[LU-14164] libcfs_str2nid() gives undesirable output Created: 01/Dec/20 Updated: 01/Dec/20 |
|
| Status: | Open |
| Project: | Lustre |
| Component/s: | None |
| Affects Version/s: | None |
| Fix Version/s: | None |
| Type: | Bug | Priority: | Minor |
| Reporter: | Amir Shehata (Inactive) | Assignee: | WC Triage |
| Resolution: | Unresolved | Votes: | 0 |
| Labels: | None | ||
| Severity: | 3 |
| Rank (Obsolete): | 9223372036854775807 |
| Description |
|
On my system (for some reason) resolving an unknown hostname returns the loopback IP (127.0.0.1). ># getent hosts mgs.exports.192.168.122.100 ::1 mgs.exports.192.168.122.100.localhost this ends up breaking specific commands, like lctl get_param -n *.MGS*.exports.192.168.122.100@tcp.uuid this ends up trying to look at: mgs/mgs/exports/192/168/122/100@tcp999/uuid The reason is that get hostbyname() called from clean_path()->libcfs_str2nid() returns 127.0.0.1 for "exports.192.168.122.100". This leads the to the NID not found in the string which leads to the IP address being included in the path. To be clear this seems to be an issue on my setup. Filing this ticket to raise awareness that this could happen. I ran into it while trying to run sanity-sec:test_31 |
| Comments |
| Comment by Andreas Dilger [ 01/Dec/20 ] |
|
I think it would be ok to return LNET_NID_ANY in case of 127.0.0.1, since we already do not allow the TCP loop back interface to be configured for LNet.
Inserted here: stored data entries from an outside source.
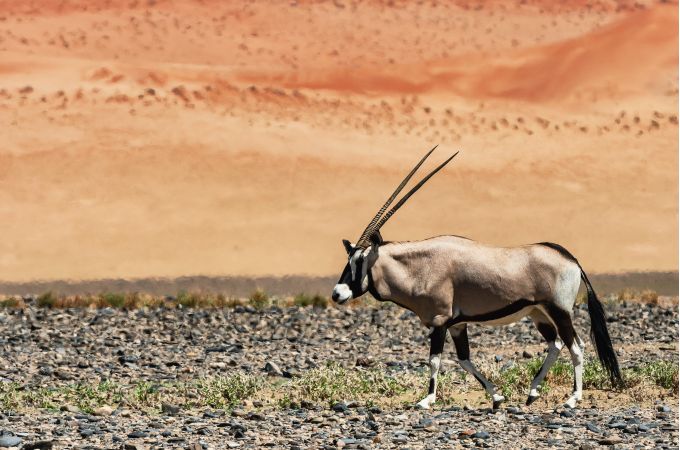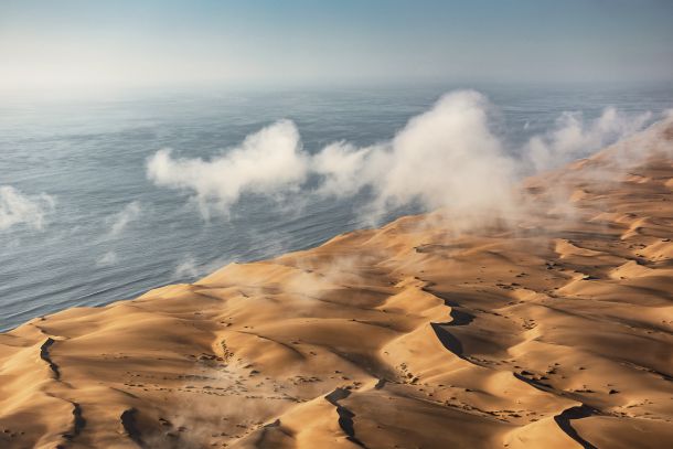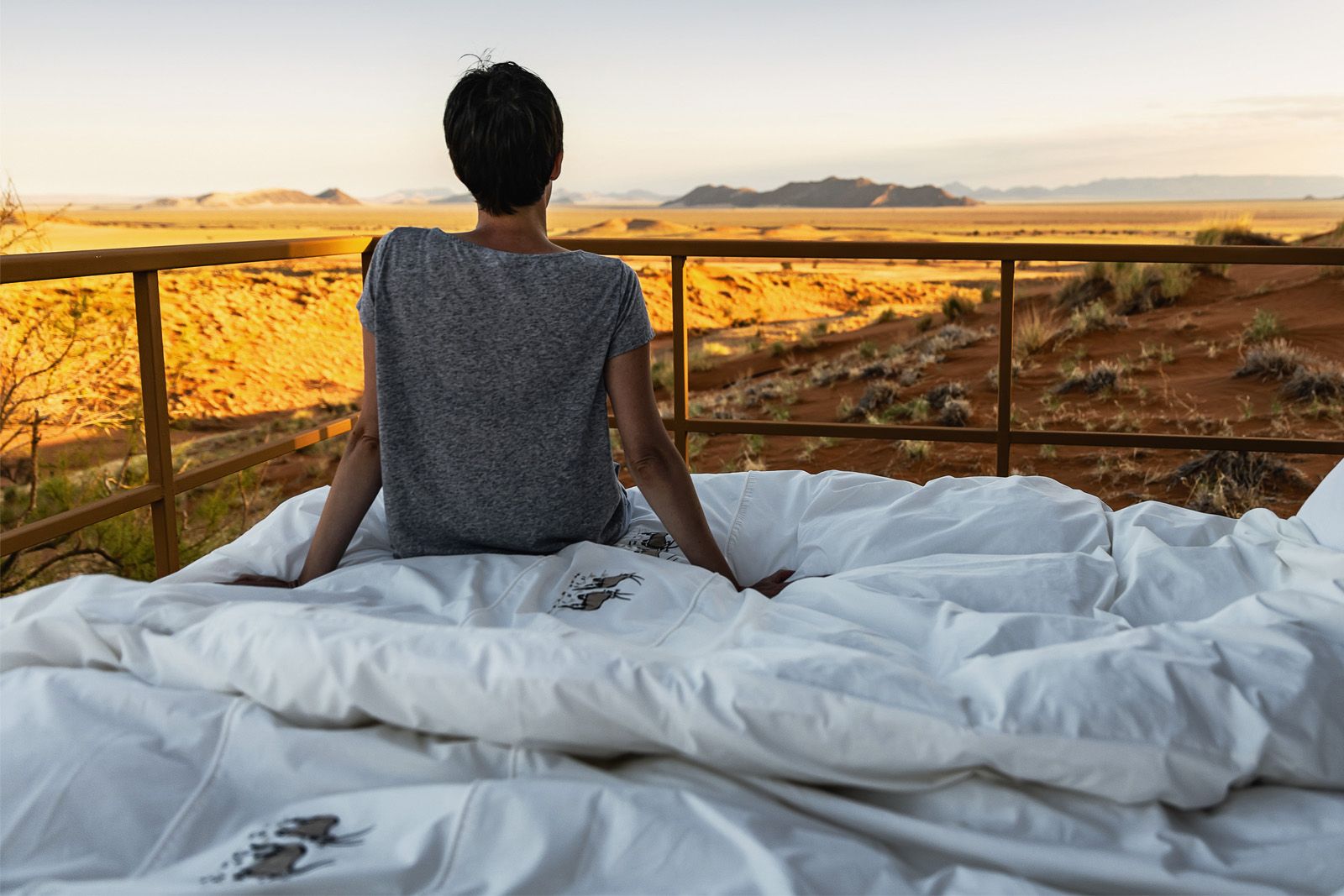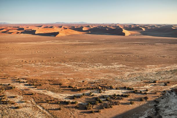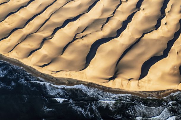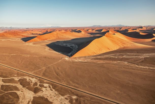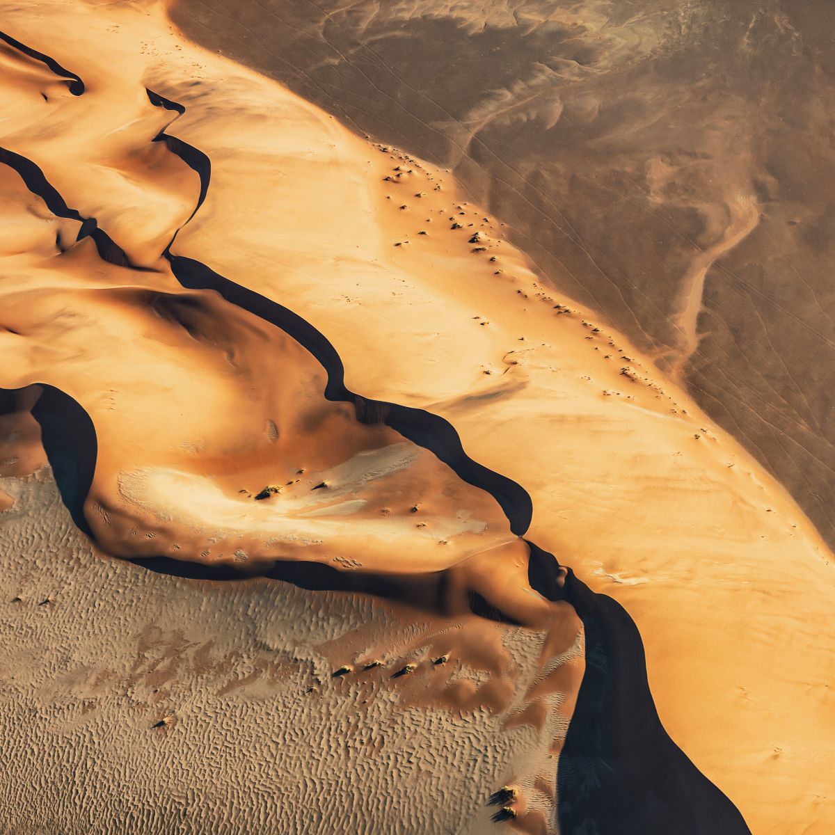 An Düne 45 hält uns doch tatsächlich ein Ranger an und fragt uns, ob wir mit einer Drohne fliegen. Tun wir nicht, verweisen auf Teile der Fotoausrüstung, ernten ein knappes 'OK' und werden dann durchgewunken. Klingt irgendwie zu einfach um wahr zu sein … Wir beobachten am Fuße der Düne, wie sich eine handvoll Touristen durch den schweren Sand über den Grat nach oben kämpfen, um auf 80–150 Metern all ihrer Kräfte entraubt, atemlos die Aussicht zu genießen.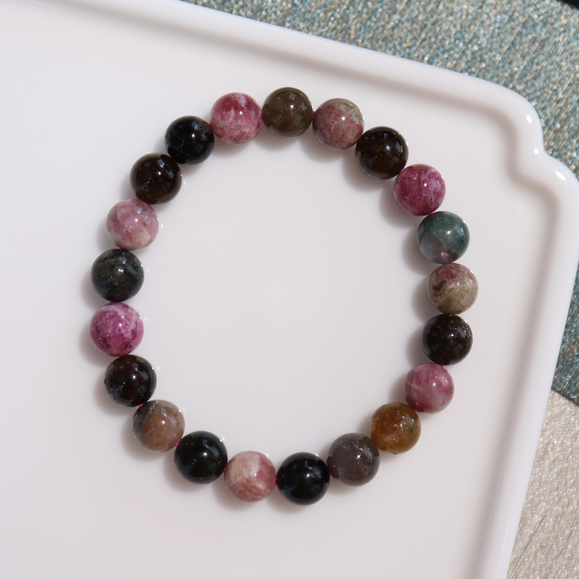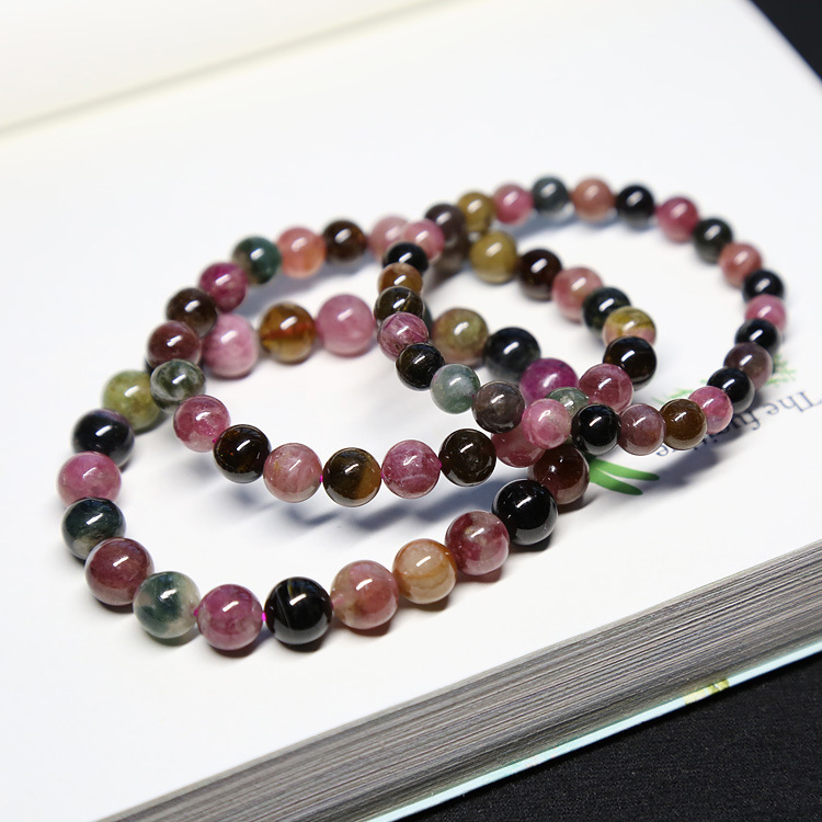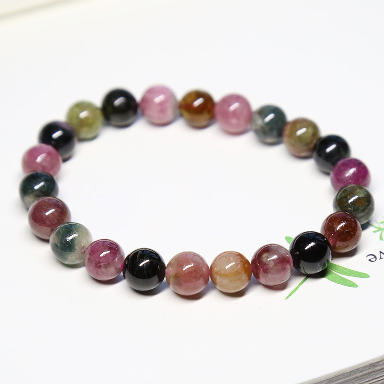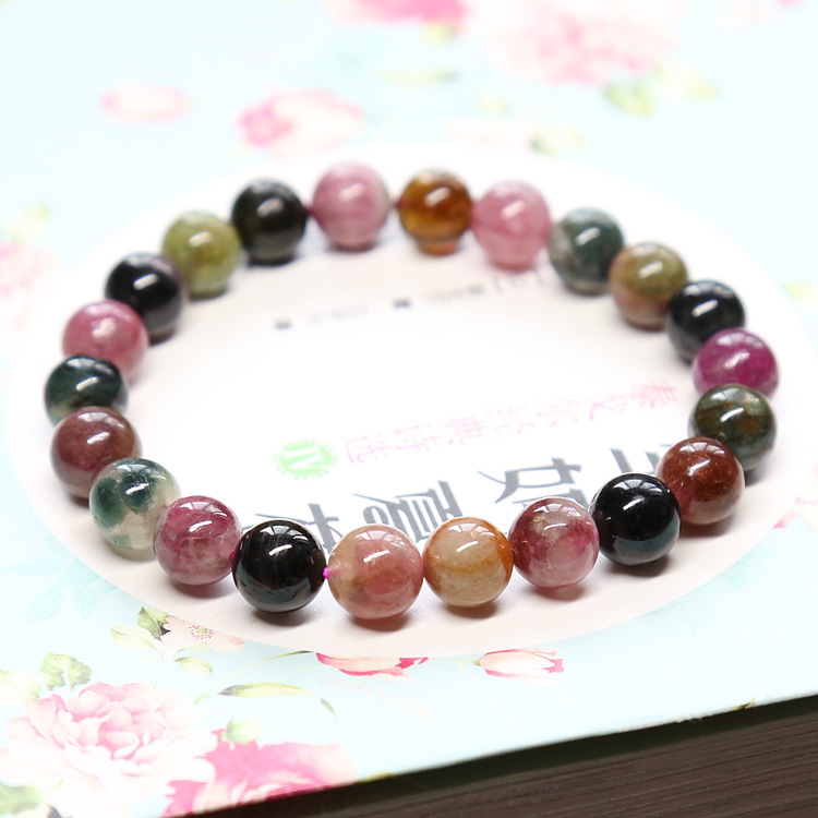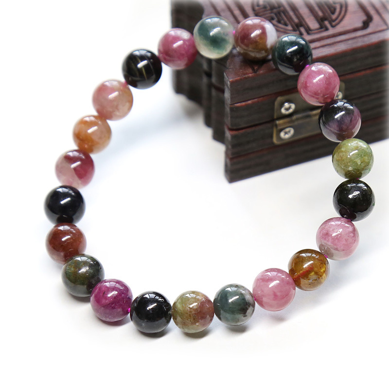 天然碧玺手链女 碧玺圆珠彩虹色单圈手串款水晶饰品圆珠闺蜜礼物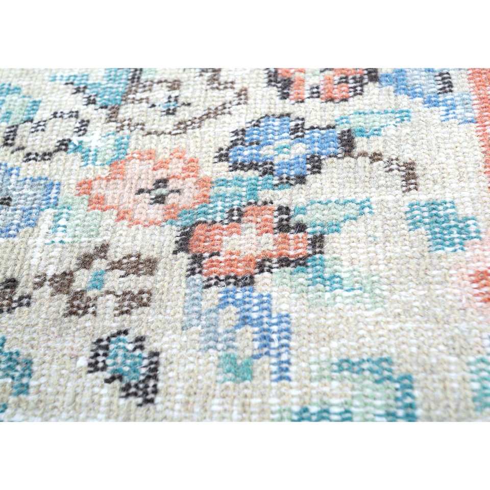 Alfombra de Lana Azul Vintage Hecha a Mano con Patrón Floral Abstracto, Alfombra Rectangular Trenzada para Sala de Estar, Pasillo, Hogar -Pae-2938
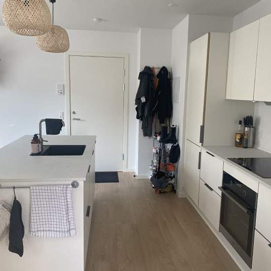 I den tidligere skole, opført i 1896, leder den bevarede opgang dig ind i nyopførte lejligheder, i hjertet af Esbjerg. Her vil du opleve at være tæt på alt fra indkøbsmuligheder, til offentlig transport, til kulturtilbud og alt andet Danmarks 5. største by ellers kan byde på! Den hyggelige og charmerende lejlighed på 2. sal, er udstyret med indbygningsovn, induktionskogeplade, integreret opvaskemaskine samt integreret køle-/fryseskab. Endvidere er den opført med slidstærkt gulv, lyse vægge, klargjort til vaskesøjle (vaskemaskine + tørretumb...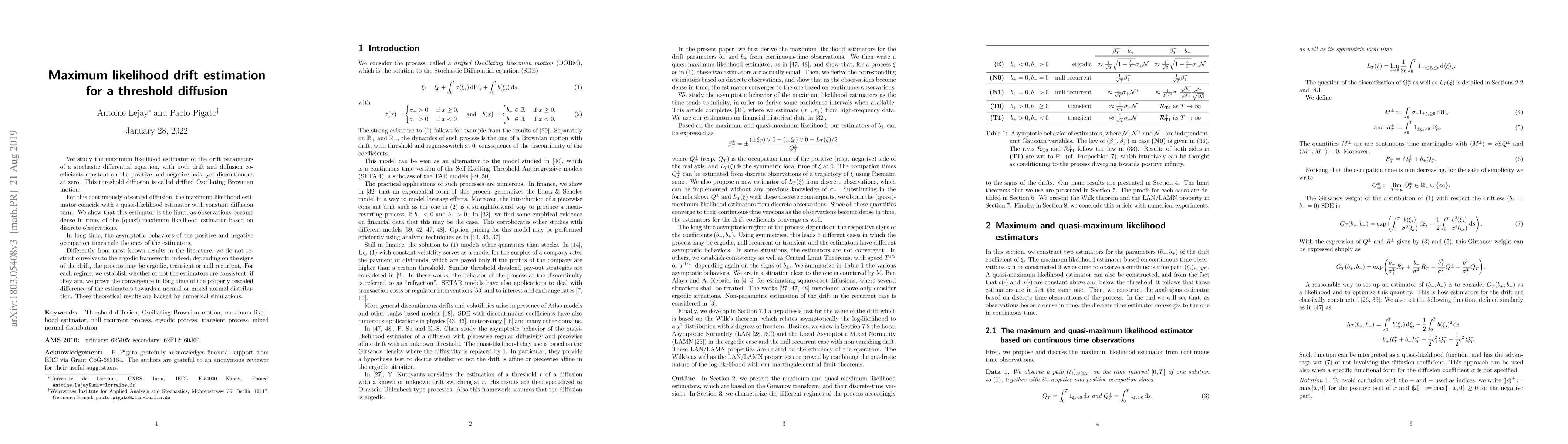 This paper investigates the maximum likelihood estimator for drift parameters in a threshold diffusion model, demonstrating its equivalence to a quasi-likelihood estimator for continuous observations. It explores the consistency and asymptotic behavior of these estimators across different dynamical regimes, supported by numerical simulations.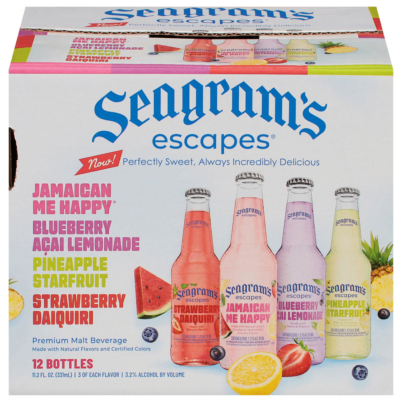 Our bestselling variety pack with SIX unique flavors: Jamaican Me Happy, Calypso Colada, Strawberry Daiquiri, Classic Lime Margarita, Wild Berries and Passionfruit Mango! SeagramâÂÂs Escapes is the iconic brand loved for flavor, color and relaxation! With more than 15 sweet, refreshing flavors including our fan fave Jamaican Me Happy, SeagramâÂÂs Escapes is the beach in a bottle: just open your go-to flavor, kick back, and enjoy the escape wherever you are. Make Happiness Happen with Seagram's...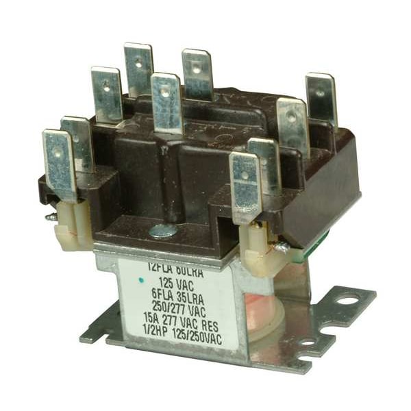 Magnetic Relay, Coil Voltage 115/120V AC, Contact Form DPDT, Current Rating 66 mA, Electrical Connection Quick-Connect, Number of Pins 6, Sealing Semi-Enclosed, Status Indicator No Indicator, Contact Rating (AC) 66 mA @ 125V, Horsepower @ 120V AC 1/2 hp, Horsepower @ 240V AC 1/2 hp, Mounting Style Universal, Body Depth 2.08 in, Body Height 1.86 in, Body Width 2.11 in, Coil Resistance 420 ohm, Compatible with Grainger Part Number 1N182, 2E852, 3TZ56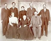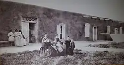 Gutiérrez-Hubbell family in 1867. Julianita Gutiérrez fifth from right, James Santiago Hubbell, second from right.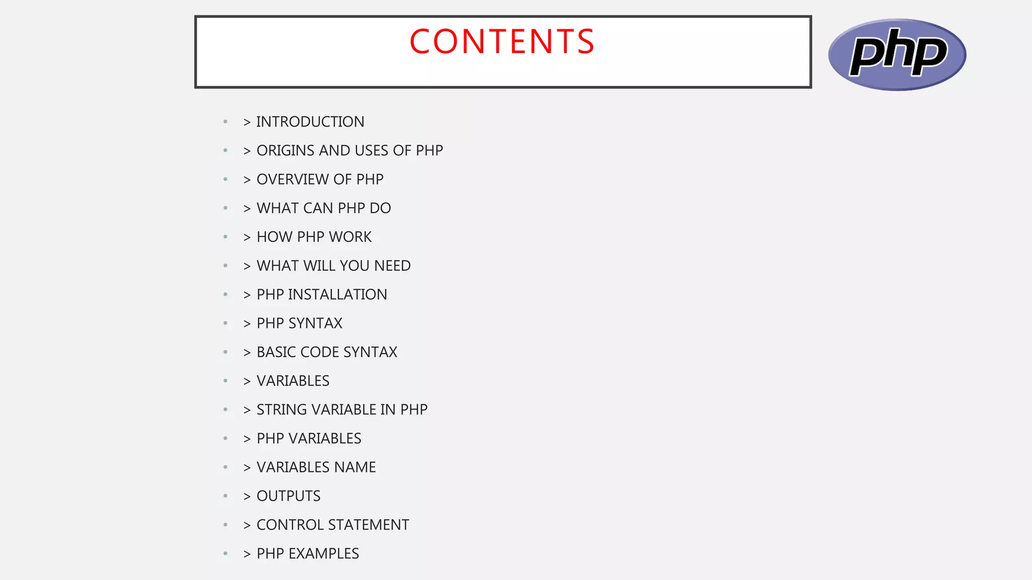 This document provides an overview of PHP, including: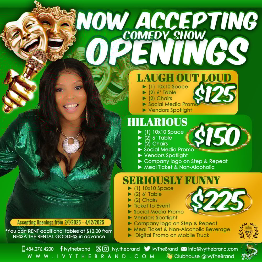 In the event that the Philadelphia Live Entertainment Comedy Show is canceled all funds will be transferred to rescheduled event. Payments however can be transferred with prior approval from IvytheBrand Business Consultant Firm only for equal value.
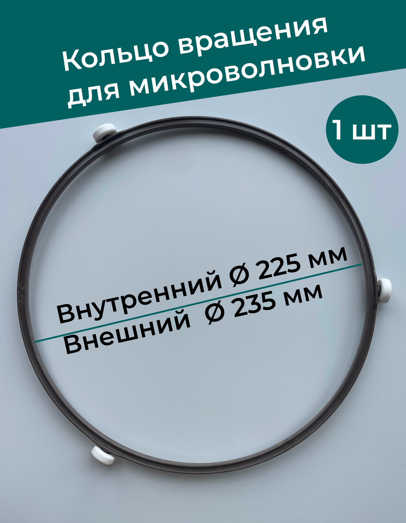 EURO Kitchen Кольцо вращения тарелки Eurokitchen для СВЧ-печи, диаметр кольца 222 мм, диаметр ролика 14 мм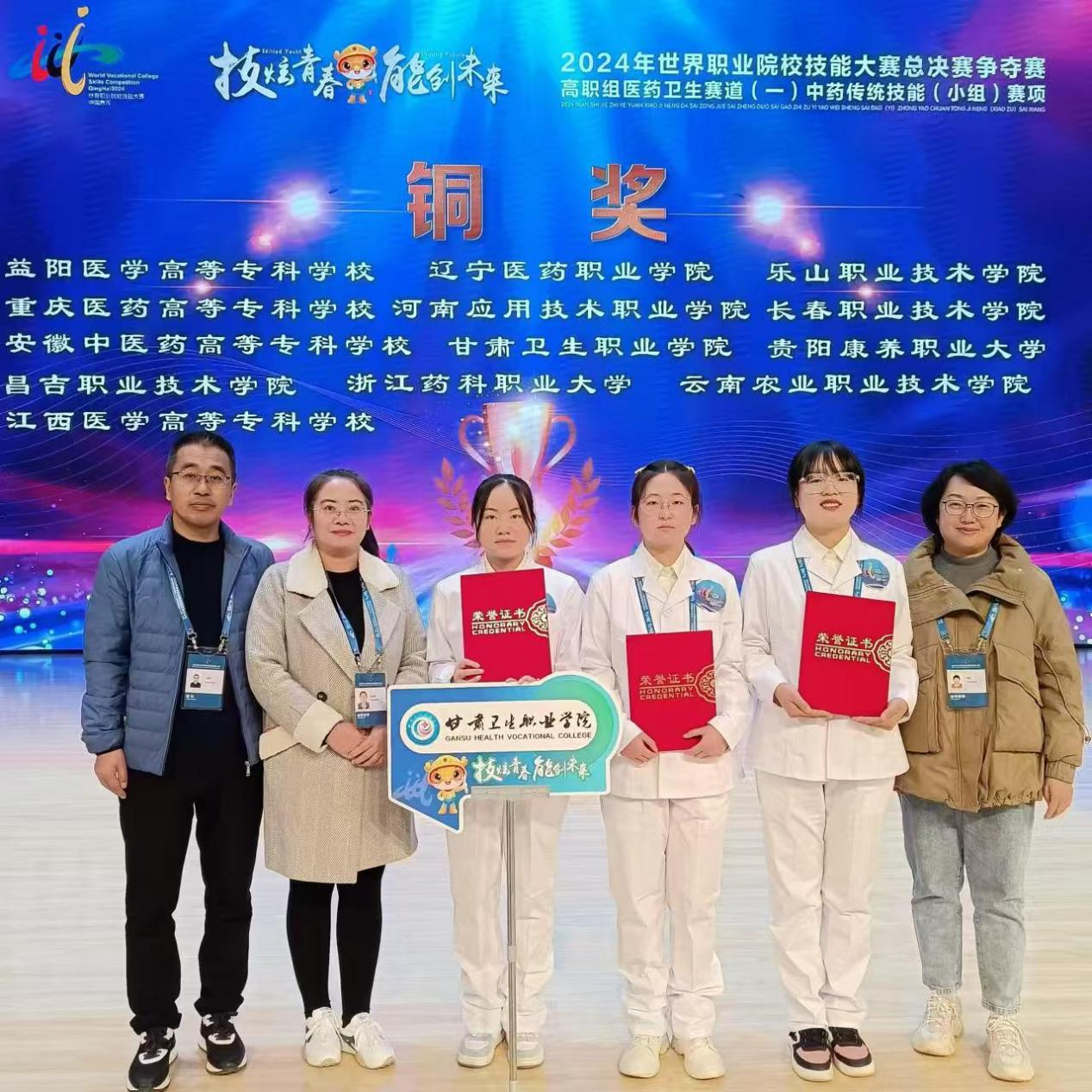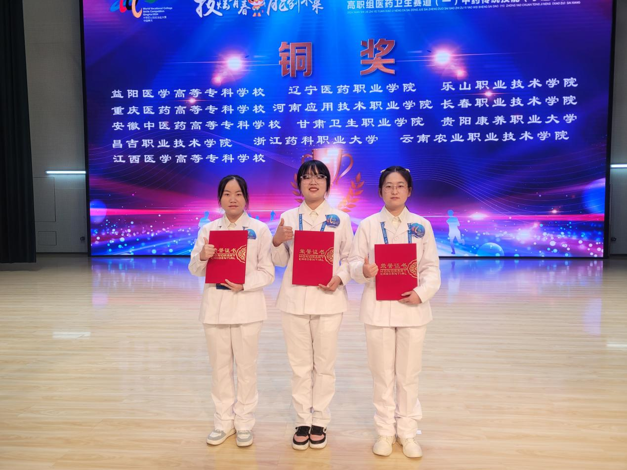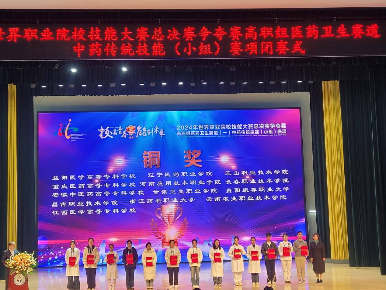 10月28日至11月1日,2024年世界职业院校技能大赛总决赛医药卫生赛道一(中药传统技能赛项)争夺赛在青海卫生职业技术学院成功举办。来自全国各地的55支优秀参赛队,共190名参赛选手同台竞技。天游官网药学院选派由陈方圆、宋爽老师指导的丁芳、贾敏、肖晓童团队参赛,以平行组第3名的成绩荣获铜奖。

That is typically an error due to "$hostname" being aliased to localhost, and using the LNet 0@lo interface is more efficient. |
| Comment by Andreas Dilger [ 01/Dec/20 ] |
|
See, for example, the code in lustre/utils/mkfs_lustre.c that verifies the server NID:
nid = libcfs_str2nid(s1);
if (nid == LNET_NID_ANY) {
fprintf(stderr, "%s: Cannot resolve hostname '%s'.\n",
progname, s1);
free(converted);
return NULL;
}
if (strncmp(libcfs_nid2str(nid), "127.0.0.1",
strlen("127.0.0.1")) == 0) {
fprintf(stderr,
"%s: The NID '%s' resolves to the loopback address '%s'. Lustre requires a non-loopback address.\n",
progname, s1, libcfs_nid2str(nid));
It may be that returning LNET_NID_ANY for 127.0.0.1 would prevent this message from being printed properly, which I think would be confusing to users, so it may be that clean_path() needs a similar check:
nid = libcfs_str2nid(tmp);
if (nid != LNET_NID_ANY) {
nidstr = libcfs_nid2str(nid);
if (!nidstr)
return -EINVAL;
+ /* some DNS resolvers return localhost for unknown hosts,
+ * but this can never be valid NID for any mounted client.
+ */
+ if (strncmp(nidstr, "127.0.0.1", strlen("127.0.0.1")) == 0) {
+ nidstr = NULL;
+ continue;
+ }
break;
}
Amir, can you see if this solves your problem? |